Woran dachte er? „Wir sind bald an der Weichsel", flüsterte er. Dann gingen wir wieder Seite an Seite einen breiten Tunnel entlang. Wir legten längere Verschnaufpausen ein, erholten uns und gingen wieder weiter... Ein sonderbarer und unbegreiflicher Geruch schlug mir ins Gesicht. Jozef hatte es auf einmal eilig. Ich konnte kaum Schritt halten ... Und erst als mich wieder ein Hauch berührte, begriff ich, daß es der frische Wind einer Herbstnacht war ... Über uns wölbte sich ein mit Wolken bezogener Himmel. Endlich Luft, viel Luft. Stille. Und dort. hinter dem breiten, matt schimmernden Fluß, erkannte man die dunklen Umrisse des Stadtteils Praga. Dort waren die Unsrigen. „Na, Jozef, Flammen, unterirdische Rohre und Teufelszähne haben wir passiert", sagte ich. „Jetzt ins Wasser!" Ich legte meine Kleidung ab, schaute mich, vor Kälte und Erregung zitternd, nach Jozef um. Er lag auf dem Bauch und starrte in Richtung Praga. Das Ufer war nicht zu erkennen, aber in der Ferne sandten unsere Scheinwerfer ihre bläulichen Strahlen aus. „Jozef!" Er setzte sich auf. Das Gesicht sah in der Dunkelheit grau aus, nur die Augen glänzten. „Ja", sagte er gedehnt. „Diese fünfhundert Meter werden nicht leichter sein als jene Kilometer, die wir hinter uns haben ..." „Auch das schaffen wir noch!" Wir stiegen vorsichtig ein abschüssiges Rohr hinunter zum Wasser.

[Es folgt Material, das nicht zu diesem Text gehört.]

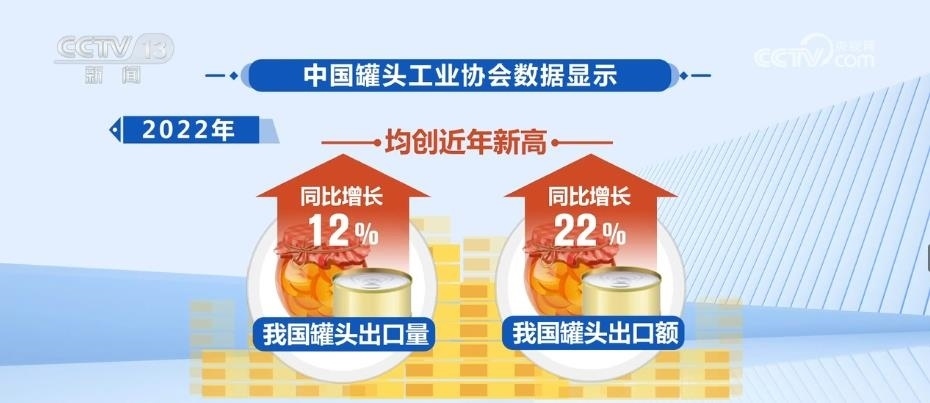 來自中國罐頭工業(yè)協(xié)會的數(shù)據(jù)顯示,近年來,中國罐頭在海外熱銷,出口量持續(xù)躍升。2022年,我國罐頭出口量和出口額同比分別增長了12%和22%,均創(chuàng)近年新高。中國已經(jīng)多年位居罐頭生產(chǎn)和出口第一大國,產(chǎn)量約占全球的四分之一。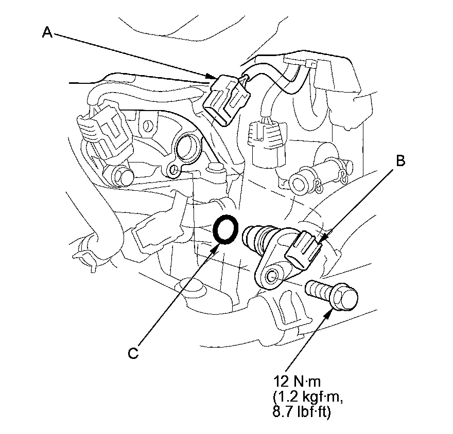 4. Install the parts in the reverse order of removal with a new O-ring (C).

Über Warschau sah man einen Feuerschein, aber man hörte keine Schüsse. Schlachtenlärm drang vom Norden her, vom anderen Ufer des Flusses. Die schnelle Strömung trug uns abwärts, aber wir vergeudeten nicht die Kraft, um dagegen zu kämpfen. Die Strömung half uns sogar. Wir versuchten, geräuschlos zu schwimmen und erstarrten oft, tauchten mit dem Kopf unter Wasser, wenn über der Weichsel eine Leuchtkugel hochstieg. An einer Stelle war die Weichsel auf einmal zu seicht, so daß wir Grund hatten und uns ein wenig verschnaufen konnten. Dann schwammen wir wieder weiter. Am nächsten Tag meldete ich Marschall Rokossowski die Erfüllung des Kampfauftrages.